2.1 From fossil evidence there was, about 400 million years ago, an abundance of all kinds of algae in the seas, lakes, and rivers.

Out of this multiplicity of genera, land plants began to evolve from an ancestral line which had a rather peculiar life-cycle, some elements of which are still discernible in the lives of the highest evolved land plants at the present day, the angiosperms.

This life-cycle involved two consecutive, alternating generations (as they are called) that are very different from one another in structure and in reproductive activity.

One of the generations is usually very small, perhaps only one centimetre or so in length and breadth if we take the prothallus of a fern as our example. In spite of the fact that ferns are quite conspicuous plants it is quite likely that few persons other than professional botanists have ever seen a prothallus. It is a small, flat plate only a few cells in thickness which has no protection against desiccation, only surviving in moist, shaded conditions. It requires some sunlight in order to carry out photosynthesis which will provide food for itself and to start the next generation. On its underside, where there is often a film of moisture next to the soil, spermatozoids (as they are called in plants) are released from the structures producing them (the antheridia) towards the ova. The movement is carried out in almost the same way that sperms move in animal reproduction. The ova are produced singly and retained in special tubular structures called archegonia. These open when the ova are ripe, letting in spermatozoids which have been attracted by chemical substances released in the opening process.
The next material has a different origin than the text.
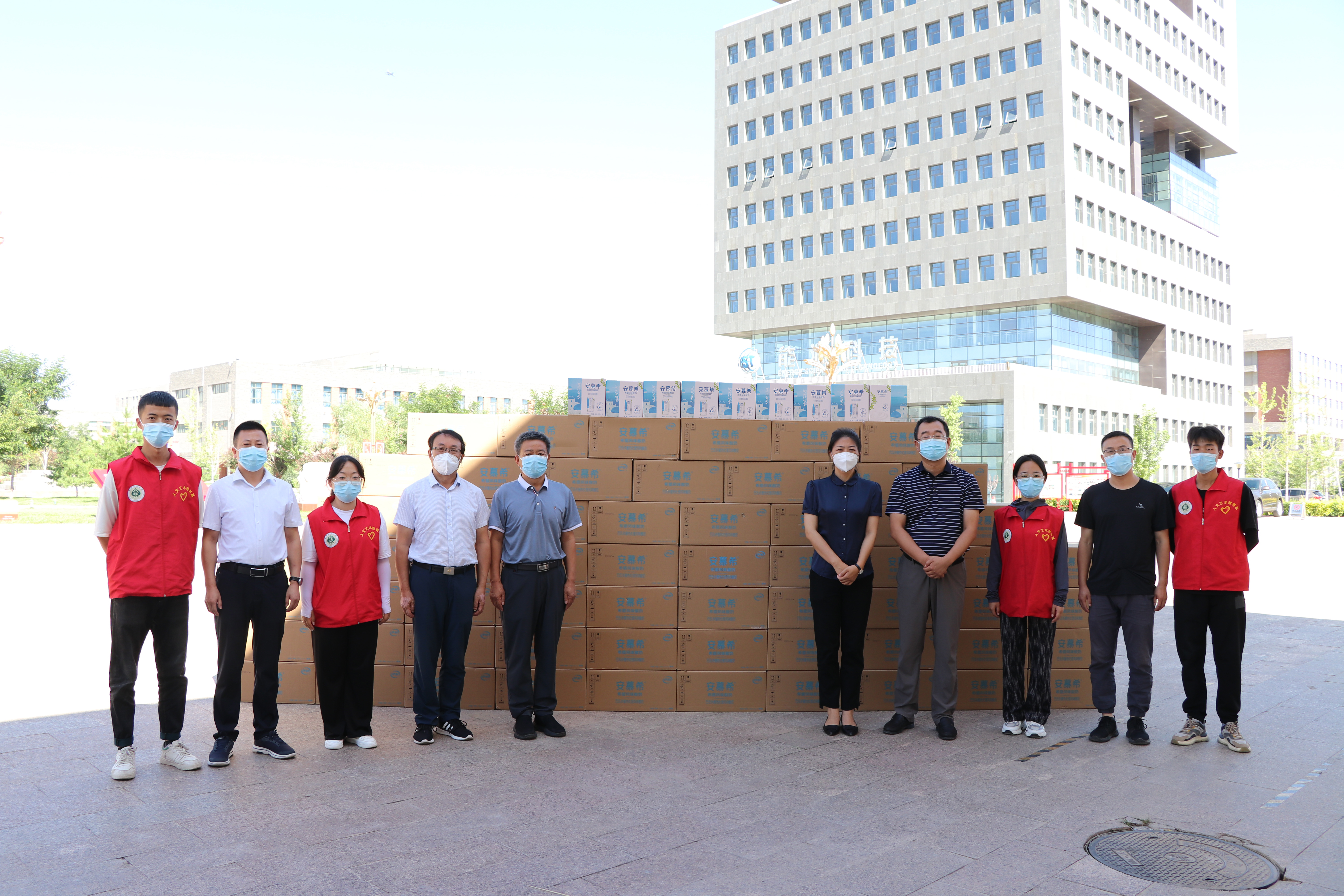 723,在武威市委市政府的關心下,在武威工業(yè)園區(qū)管委會的調配支持下,由伊利乳業(yè)捐贈的590箱共計7080安慕希酸奶送到了武威職業(yè)學院,在疫情防控的特殊時期,讓學校疫情防控學生志愿者、因參加國賽和實習留校的同學們感受到來自政府和社會的關愛。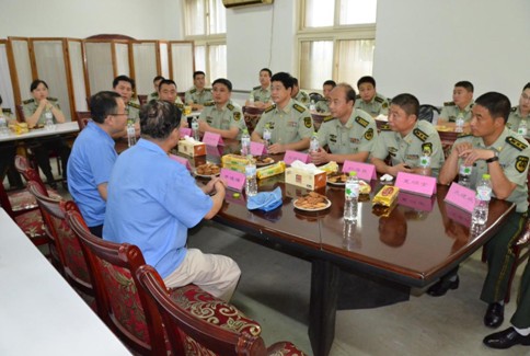 ????為推動(dòng)黨的群眾路線教育實(shí)踐活動(dòng)向深入開展,8月27日下午,華通集團(tuán)的警民共建單位—武警青島支隊(duì)部分干部到華通集團(tuán)所屬青島食品股份有限公司李滄廠區(qū)進(jìn)行了參觀和座談。

Since all of the cells of the prothallus are haploid, the fusion of the spermatozoid and the ovum produces a diploid fertilized egg. The latter is sheltered in its early development by the prothallus from which it takes the necessary food for growth. It becomes much larger than the prothallus and, once firmly established, the latter shrivels away leaving no trace. The new plant has all of the characters, described previously, associated with successful life on land and where water supply is dependent upon the vagaries of the weather. During dry periods the plant, protected against desiccation, sustains itself upon its water reserves and those of the soil. Once large enough, it develops sporangia within which spores are formed involving a process of nuclear division (meiosis) that produces again the haploid number of chromosomes in each cell nucleus. The resulting spores are scattered by air currents and if they land in a moist, shady situation will germinate to form prothalli. Thus the whole cycle starts again.

It is therefore tempting to make analogies between this life-cycle which involves a stage in which environmental water is vital for fertilization and that of the Amphibia such as frogs and toads where the primarily land-dwelling adults return to water so that sperms and eggs may be set free to bring about fertilization. Pursuing the comparison with the animal kingdom, it is interesting to see that in the same way that land animals eventually freed themselves from the necessity of returning to water to produce fertilized eggs, land plants also modified their basic two-generation life-cycle so that the need for environmental water was avoided.